I don’t recall being all that enthralled or excited by Peter Ames Carlin’s two previous big name bios, namely Bruce and Paul McCartney: A Life. I haven’t read Catch A Wave, his bio on Brian Wilson. So taking all that prologue into account, I’ll just say from the get-go that Homeward Bound is Carlin’s finest bio and most easily readable given its oft-times uncomfortable observations of the frustrations, depressions and doubts behind such lasting accomplishments as “Bridge Over Troubled Waters,” “The Boxer,” “The Obvious Child,” “American Tune” and “Take Me To The Mardi Gras.”
Simon’s a complicated dude. A control freak who would yell out “Hey I wrote it that way!” to keep his collaborators (ever the finest in the game, from Artie to Phil Ramone to Ray Phiri, Joseph Shabalala and Bakithi Kumalo) on point. But my guess is that you might have to be to capture the zeitgeist that he did, not just in the turbulent ’60s, but again in the songwriter ’70s, and yet again in the pan-cultural ’80s.
They say some people never get out of high school. That the boogey men and monsters that hid under the bed or the closet then, still do. That seems to be the case with Simon, who as Jerry Landis, half of the swinging one-hitters Tom and Jerry (Artie) that gave us the far less than memorable “Hey Schoolgirl” always had doubts of his abilities, his voice, his height, his hair, etc, leading to dark clouds, writer’s block and rejection.
Sure the control freak’s movie One Trick Pony and his rocky, almost arrogant attempt to reshape Broadway in his image with The Capeman met with failure. But I’m grateful to Carlin for spending much page time with the intricacies and mis-steps of that production and seeing, as I have held for years, that many of the songs from the play are some of Simon’s best. His informed investigation into the back room politics and diplomacy that resulted in the globe conquering of Graceland and The Rhythm of the Saints opens eyes too.
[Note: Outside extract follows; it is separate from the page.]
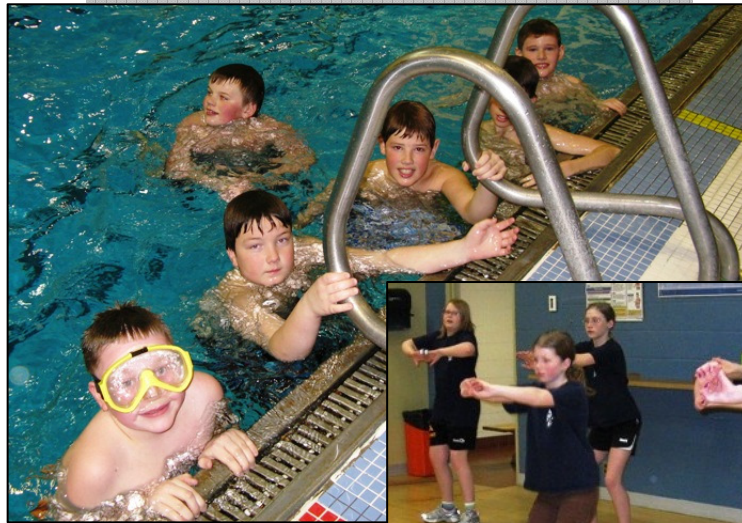
Grade 5 /6 at the Canada Games Complex

These activities are partially funded by money raised through the chocolate bar and magazine sales each year and also supported by parents. Thank you to everyone for making these excursions possible.

But I can’t help wondering why, after such a deep dive into the Simon psychology and micro-management way of doing things, Carlin squashes Simon’s life from 1988 to the present in less than fifty pages. (Including the detailed, above mentioned study of The Capeman.) There’s Edie Brickell, the Hall of Fame, the S & G reboots, triumphant concerts, and, as is Simon’s restless creative genius, resurgences (So Beautiful or So What and “Father and Daughter.”) But that’s it really, my only complaint.